Words: Nick Tatham | Photo: Anthony Grote
The paddle from Pietermaritzburg to Durban is a daunting one even for the modern day paddler but for the first two men to be documented doing the trip, it was a pioneering expedition. For Messrs’ P. Marianni and W. Foley it was as formidable an adventure as any and with only a Natal Witness newspaper article to prove that they did it, they still remain a mystery to the Dusi Canoe Marathon some 121 years later.
The newspaper article documents their seven day trek down the river and the hardships that they endured, including losing their rusks to the river which meant that the two men had resort to shooting birds and asking the locals for help in order to feed themselves.
The pair left Pietermaritzburg on the 3 January 1893 and arrived at the mouth of the uMngeni River on 10 January, avoiding a near drowning along the way and managing to complete the journey.

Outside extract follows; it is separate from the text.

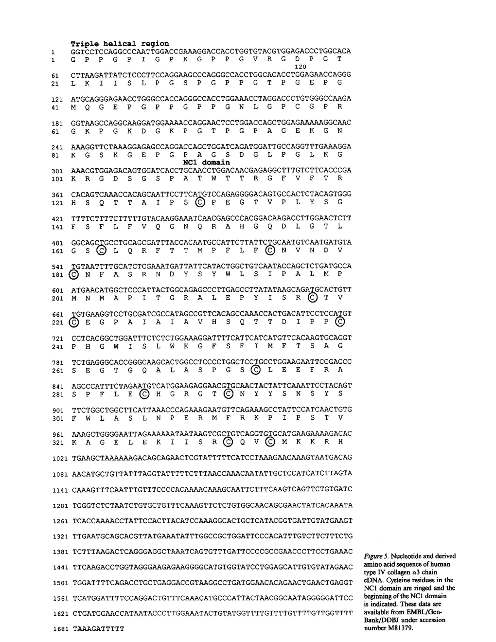 To characterize the autoantigen of Goodpasture's (anti-glomerular basement membrane) disease, a molecule of 26-kD reactive with autoantibodies from patients' sera was purified from collagenase digests of sheep glomerular basement membrane. Short internal amino acid sequences were obtained after tryptic or cyanogen bromide cleavage, and used to deduce redundant oligonucleotides for use in the polymerase chain reaction on cDNA derived from sheep renal cortex. Molecules of 175 bp were amplified and found to come from two cDNA sequences. One was identical to that of a type IV collagen chain (alpha 5) cloned from human placenta and shown to be expressed in human kidney. The other was from a type IV collagen chain with close similarities to alpha 1 and alpha 5 chains, and was used to obtain human cDNA sequences by cDNA library screening and by further polymerase chain reaction amplifications. The correspondence of the derived amino acid sequence of the new chain with published protein and cDNA sequences shows it to be the alpha 3 chain of type IV collagen. Its gene, COL4A3, maps to 2q36-2q37. The primary sequence and other characteristics of this chain confirm that it carries the Goodpasture antigen.

The pair managed to get themselves to Durban with some bumps and bruises but, more or less, in one piece. It is unsure how much influence these two men had on the modern day Dusi Canoe Marathon but having shown that it is possible to navigate one’s way through the valleys of KwaZulu-Natal, the pair’s efforts could only have given others the hope that they too, might be able to complete the feat.
It was a number of years after the two men complete this initial challenge that official founder of the Dusi Canoe Marathon – Dr Ian Player – took to the river to navigate his way to Durban from Pietermaritzburg. Player made the journey in 1951 and the event has since grown into one of the most iconic canoeing races in the world.
In a tribute to the two brave and inquisitive wanderers there is a causeway along the river named in their honour – Marianni Foley causeway – that is negotiated by paddlers on the second day of the Dusi Canoe Marathon.